将行转换为多列的Shell脚本
输入CSV文件:
Driver Id,Driver Name,Measure Names,Measure Values
123,XYZ,Total Offers,10
123,XYZ,Driver Reject,0
123,XYZ,Driver Accept ,4
123,XYZ,Expired Offers,3
123,XYZ,Total Bookings,6
123,XYZ,Rider Cancels,2
123,XYZ,Driver Cancels,0
123,XYZ,Rider No-Show,0
123,XYZ,Completed Rides,4
124,PQR,Total Offers,2
124,PQR,Driver Reject,0
124,PQR,Driver Accept ,1
124,PQR,Expired Offers,1
124,PQR,Total Bookings,1
124,PQR,Rider Cancels,0
124,PQR,Driver Cancels,0
124,PQR,Rider No-Show,0
124,PQR,Completed Rides,1
需要输出:
驱动程序ID,驱动程序名称,总优惠,驱动程序拒绝,驱动程序接受,过期优惠,总预订,车手取消,驱动程序取消,车手未显示,已完成游乐设施
123,XYZ,10,0,4,3,6,2,0,0,4
124,PQR,2,0,1,1,1,0,0,0,1
我尝试使用awk,但结果不正确。
awk -F\, '
BEGIN{
P["Total Offers"]="%s;%s;%s;;;;;;;;;\n"
P["Driver Reject"]="%s;%s;;%s;;;;;;;;\n"
P["Driver Accept"]="%s;%s;;;%s;;;;;;;\n"
P["Expired Offers"]="%s;%s;;;;%s;;;;;;\n"

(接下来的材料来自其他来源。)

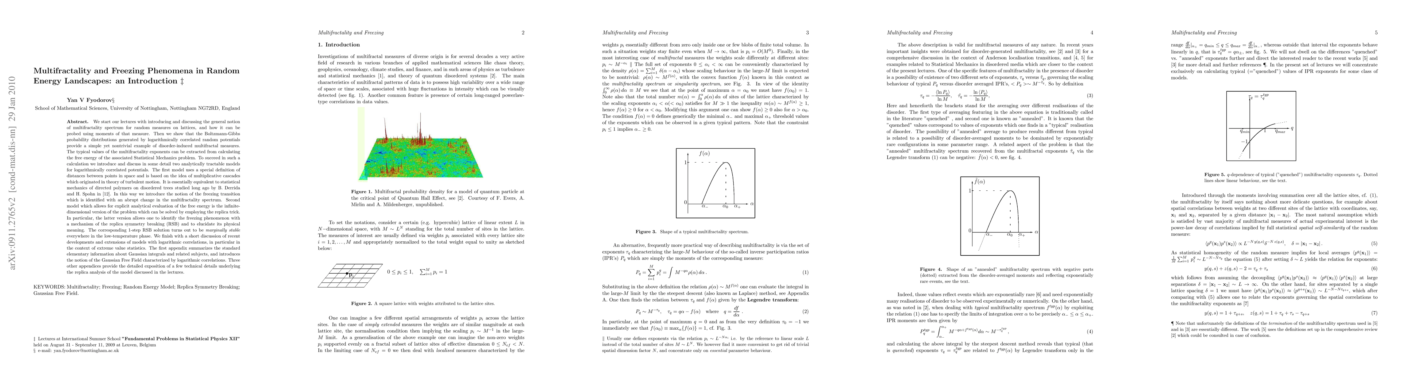 The Boltzmann-Gibbs probability distributions generated by logarithmically correlated random potentials provide a simple yet nontrivial example of disorder-induced multifractal measures. We introduce and discuss two analytically tractable models for such potentials. The first model uses multiplicative cascades and is equivalent to statistical mechanics of directed polymers on disordered trees studied long ago by B. Derrida and H. Spohn. Second model is the infinite-dimensional version of the problem in Euclidean space which can be solved by employing the replica trick. In particular, the latter version allows one to identify the freezing of multifractality exponents with a mechanism of the replica symmetry breaking (RSB) and to elucidate its physical meaning. The corresponding 1-step RSB solution turns out to be {\it marginally stable} everywhere in the low-temperature phase. In the end we put the model in a more general context by relating to the Gaussian Free Field and briefly discussing recent developments and extensions. The appendices provide a detailed exposition of the replica analysis of the model discussed in the lectures.

P["Total Bookings"]="%s;%s;;;;;%s;;;;;\n"
P["Rider Cancels"]="%s;%s;;;;;;%s;;;;\n"
P["Driver Cancels"]="%s;%s;;;;;;;%s;;;\n"
P["Rider No-Show"]="%s;%s;;;;;;;;%s;;\n"
P["Completed Rides"]="%s;%s;;;;;;;;;%s;\n"
}
FNR==1{
print "Driver Id,Driver Name,Total Offers,Driver Reject,Driver Accept,Expired Offers,Total Bookings,Rider Cancels,Driver Cancels,Rider No-Show,Completed Rides"
next
}
{
printf(P[$3],$1,$2,$4)
}
' sample1.csv
有人可以帮我或者告诉我任何其他方法来实现这个。 在此先感谢
答案 0 :(得分:0)
考虑到您的Input_file与显示的示例相同,如果您不关心输出序列应该作为输入,那么以下内容可以帮助您。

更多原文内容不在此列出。